When two dissimilar metals touch each other, there is a difference of potential at point of contact. If zinc is in contact with copper it is of higher potential. In a series of disks of copper, zinc and wet cloths, arranged one over the other in above order, the wet cloth is the conductor, and current will flow on joining last copper and zinc by wire, etc.

This arrangement is called a voltaic pile (after its inventor, Volta), and the difference of potential produced is proportionate to the number of pairs of disks.

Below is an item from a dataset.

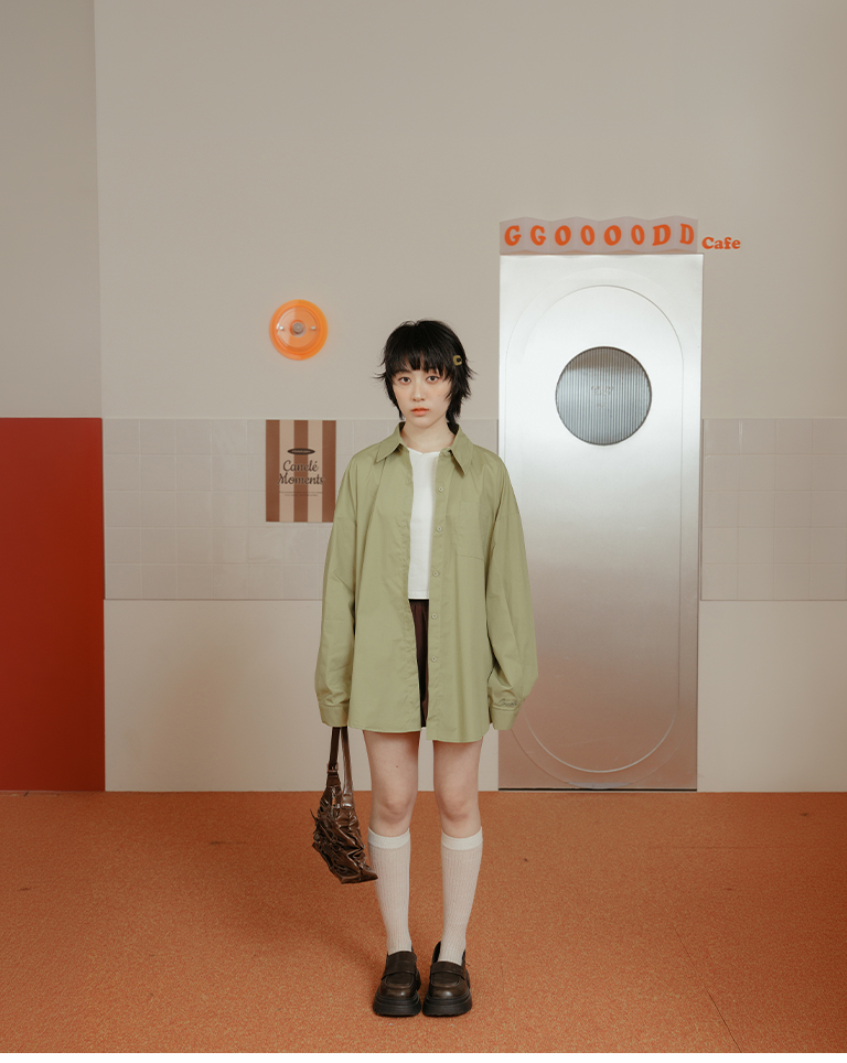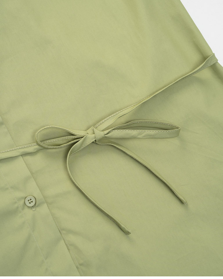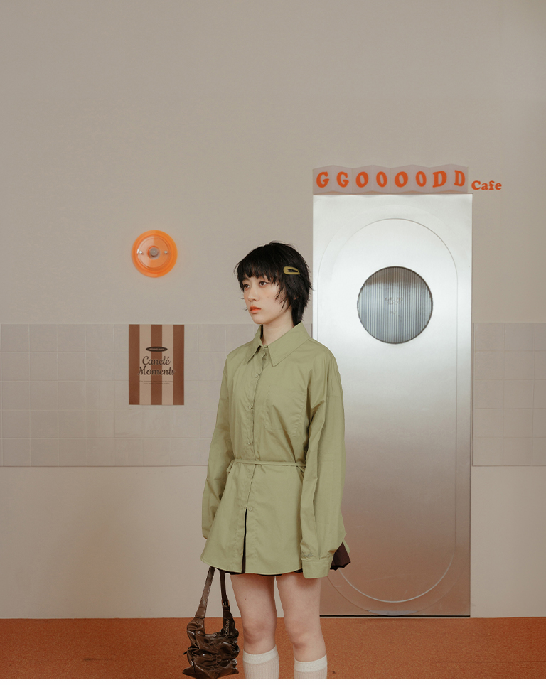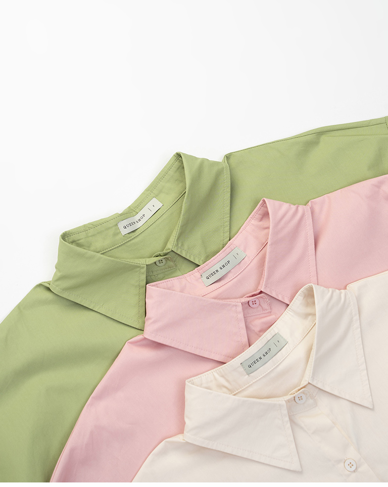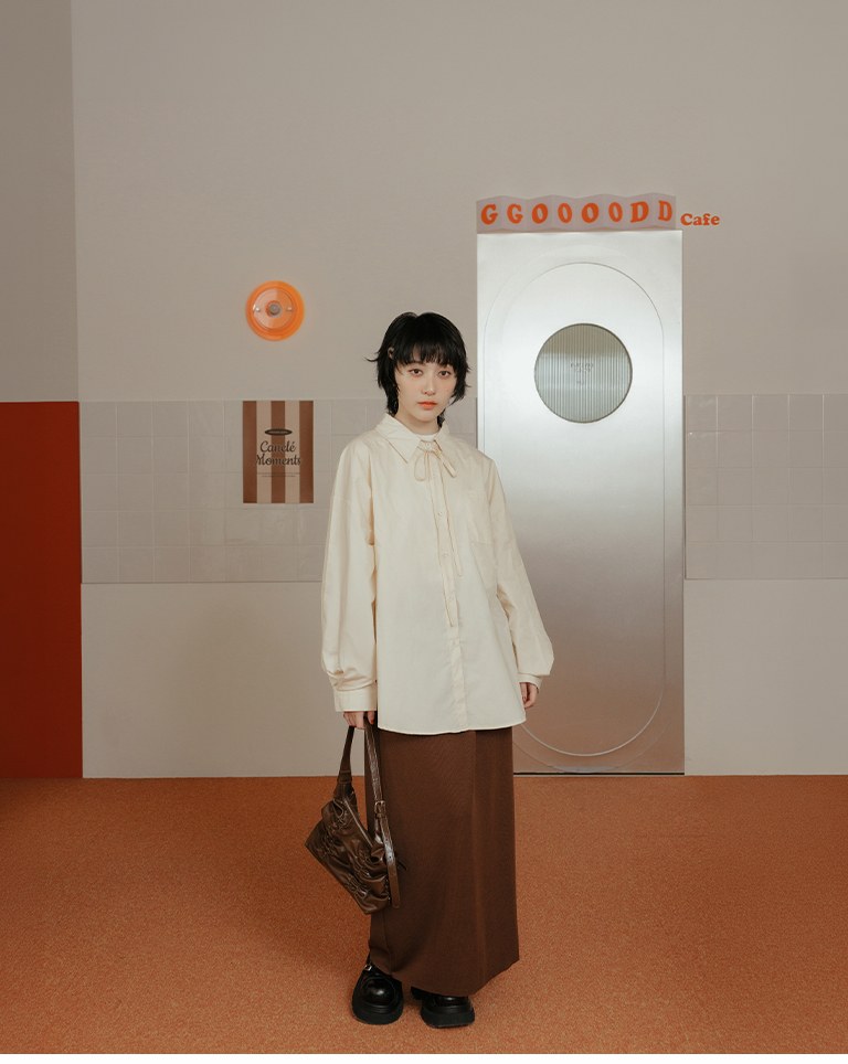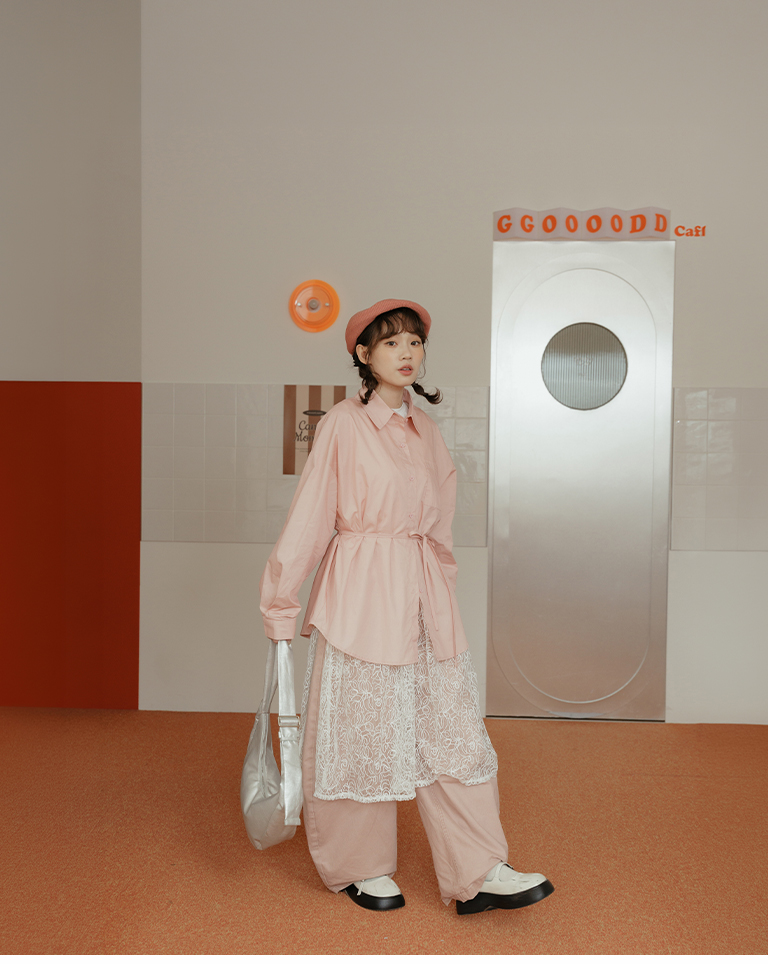Canele刺繡設計寬版長袖襯衫附綁帶 三色售

A difference of potential between two points connected will cause current to flow till the potentials of both points are the same.

ELECTRIC RESISTANCE.

Resistance is offered by all substances to the electric current, and varies with the nature of the substance.

Most metals are good conductors; wood and stone offer considerable resistance, and silk, glass and ebonite are practical non-conductors; but remember if a non-conductor is wet or even damp it becomes a good conductor, moisture or water being a first-class conductor. On the other hand, conductivity is diminished by an increase of temperature—otherwise dryness. The following table will give a good idea of the conductivity of metals:

Therefore, generally, good conductors are all the metals, carbon, water, aqueous solutions, moist bodies besides wood, cotton, hemp, etc. Good insulators or non-conductors are paraffine, solid or liquid, turpentine, silk, sealing wax, india rubber, dry glass or porcelain. The best electrical conductors are the best thermal conductors, and a “red hot” temperature converts insulators into fairly good conductors.

ELECTRICAL MEASURES.

Electricity being invisible and imponderable (i. e., not having sensible weight, such as light, heat or electricity), it is impossible to apply ordinary standards of measure. Electricians have devised special units of measure of two kinds, called absolute units and practical units, the ratio between the two being always some power of 10.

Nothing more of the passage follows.